◆ **WORK INSTRUCTIONS**: In the records that follow, the lines from the one containing "Tan seat cushions" to the one containing "入住期間:自115年1月16", inclusive, are to be given again exactly.

◆ **INPUT FOR THIS TASK**:

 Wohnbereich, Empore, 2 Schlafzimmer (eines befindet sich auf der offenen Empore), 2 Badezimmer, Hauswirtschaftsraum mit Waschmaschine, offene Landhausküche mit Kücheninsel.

* * *

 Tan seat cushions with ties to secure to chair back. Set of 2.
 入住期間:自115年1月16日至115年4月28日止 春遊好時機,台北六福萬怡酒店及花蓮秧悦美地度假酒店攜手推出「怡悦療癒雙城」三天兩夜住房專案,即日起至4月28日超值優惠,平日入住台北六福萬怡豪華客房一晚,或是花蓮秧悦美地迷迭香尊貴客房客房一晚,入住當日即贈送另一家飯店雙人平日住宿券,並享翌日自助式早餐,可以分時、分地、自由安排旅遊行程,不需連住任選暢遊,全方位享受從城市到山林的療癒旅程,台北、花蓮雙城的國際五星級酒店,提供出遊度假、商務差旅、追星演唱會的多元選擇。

◆ **REPLY TO THE TASK**:
 Tan seat cushions with ties to secure to chair back. Set of 2.
 入住期間:自115年1月16日至115年4月28日止 春遊好時機,台北六福萬怡酒店及花蓮秧悦美地度假酒店攜手推出「怡悦療癒雙城」三天兩夜住房專案,即日起至4月28日超值優惠,平日入住台北六福萬怡豪華客房一晚,或是花蓮秧悦美地迷迭香尊貴客房客房一晚,入住當日即贈送另一家飯店雙人平日住宿券,並享翌日自助式早餐,可以分時、分地、自由安排旅遊行程,不需連住任選暢遊,全方位享受從城市到山林的療癒旅程,台北、花蓮雙城的國際五星級酒店,提供出遊度假、商務差旅、追星演唱會的多元選擇。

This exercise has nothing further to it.